▶ _GIVEN DATA_:

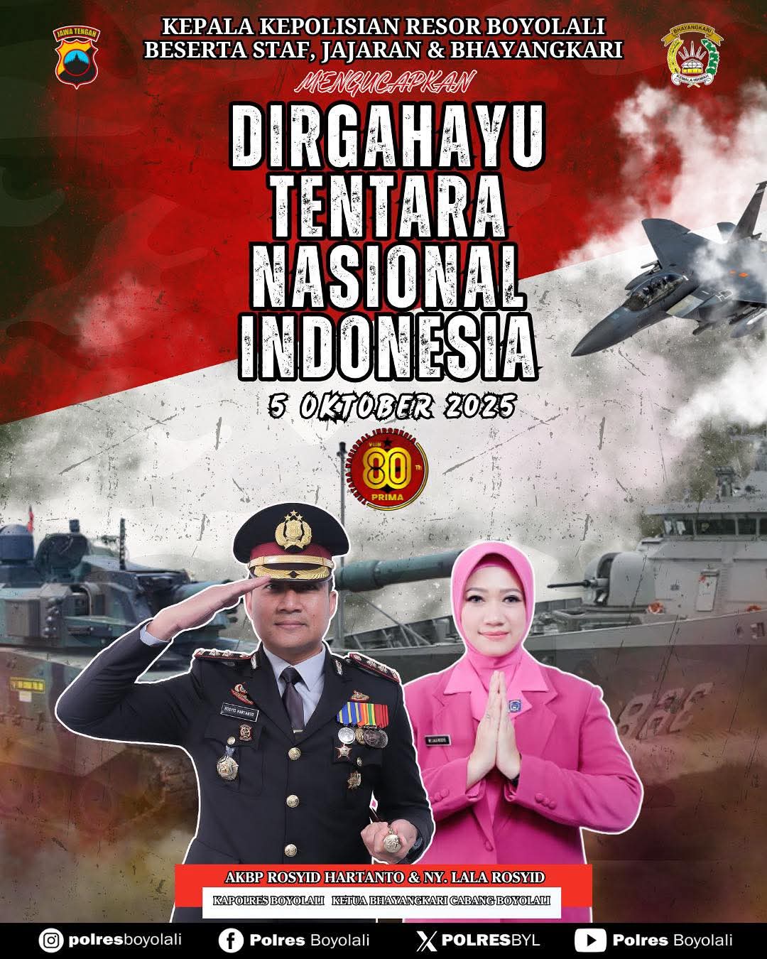 “Dirgahayu Tentara Nasional Indonesia ke-80. Terima kasih atas dedikasi, loyalitas, dan pengabdian luar biasa dalam menjaga keutuhan Negara Kesatuan Republik Indonesia. TNI adalah garda terdepan dan benteng terakhir bangsa. Kami, Polri khususnya Polres Boyolali, akan terus berdiri bersama dalam menjaga keamanan dan ketertiban masyarakat serta mempertahankan kedaulatan negara,” ujar Kapolres dalam keterangan resminya, Sabtu (5/10/2025).
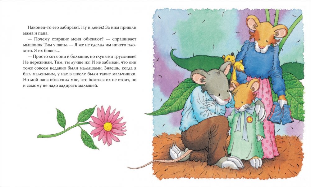 Серия книг про смешного и обаятельного мышонка Тима поможет малышам понимать, признавать и называть свои чувства, научиться общаться со сверстниками и справляться с трудными ситуациями. Мышонок Тим еще маленький и многого боится: темноты, старших детей, которые его задирают, плавать в бассейне и даже грозы. Но мама и папа расскажут ему, как не бояться.
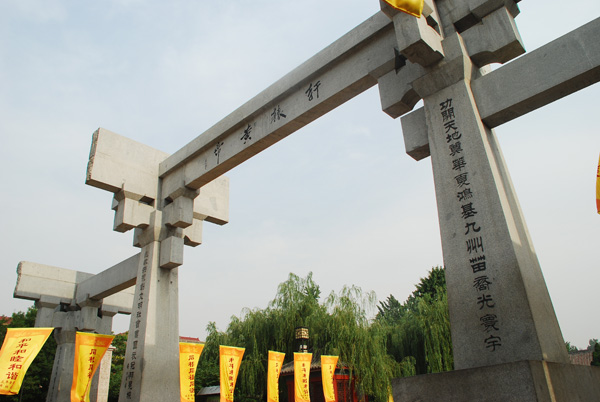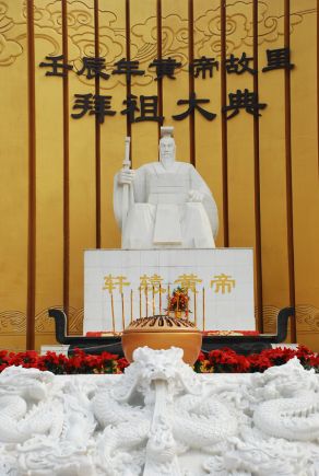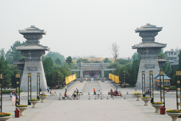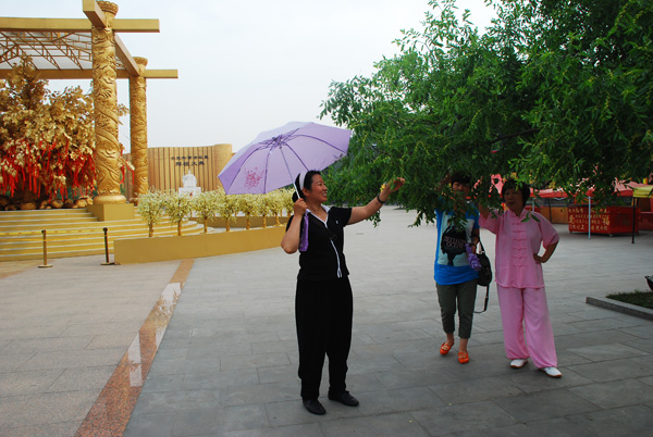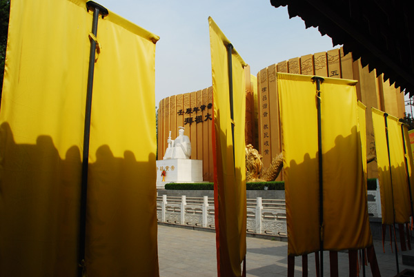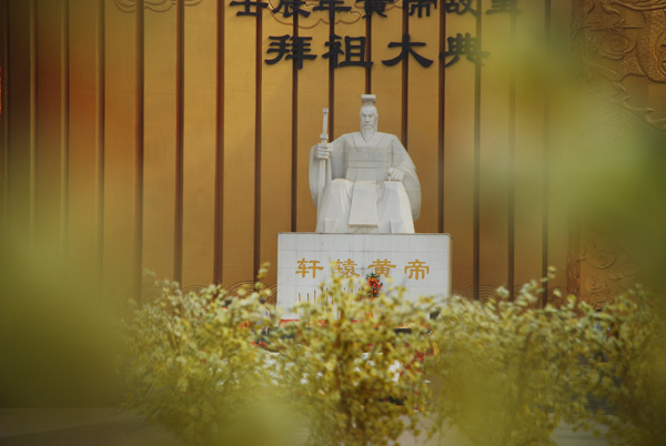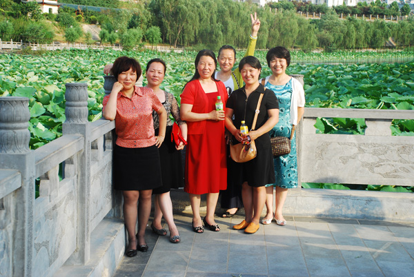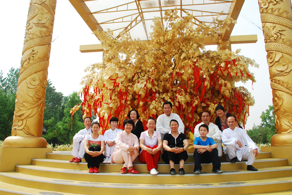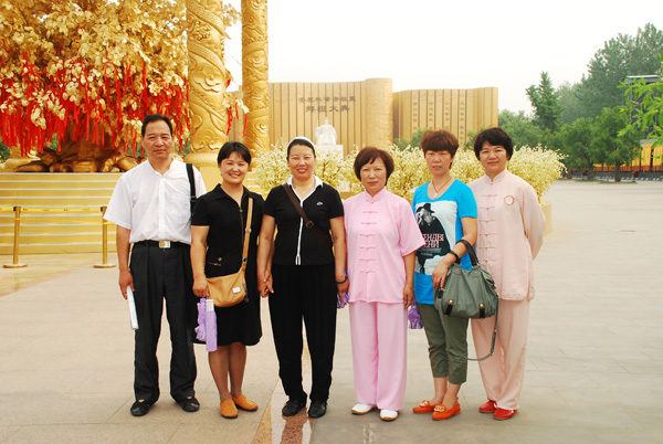 黄帝故里景区轩辕黄帝像合影(左起:卫明堂 李丽 陈桂珍 贾桂玲 张惠芳 敬红卫)

▶ _WHAT IS NEEDED_: Could you please return each line of the material exactly, dropping the pictures?

▶ _TASK RESPONSE_:
 “Dirgahayu Tentara Nasional Indonesia ke-80. Terima kasih atas dedikasi, loyalitas, dan pengabdian luar biasa dalam menjaga keutuhan Negara Kesatuan Republik Indonesia. TNI adalah garda terdepan dan benteng terakhir bangsa. Kami, Polri khususnya Polres Boyolali, akan terus berdiri bersama dalam menjaga keamanan dan ketertiban masyarakat serta mempertahankan kedaulatan negara,” ujar Kapolres dalam keterangan resminya, Sabtu (5/10/2025).
 Серия книг про смешного и обаятельного мышонка Тима поможет малышам понимать, признавать и называть свои чувства, научиться общаться со сверстниками и справляться с трудными ситуациями. Мышонок Тим еще маленький и многого боится: темноты, старших детей, которые его задирают, плавать в бассейне и даже грозы. Но мама и папа расскажут ему, как не бояться.
 黄帝故里景区轩辕黄帝像合影(左起:卫明堂 李丽 陈桂珍 贾桂玲 张惠芳 敬红卫)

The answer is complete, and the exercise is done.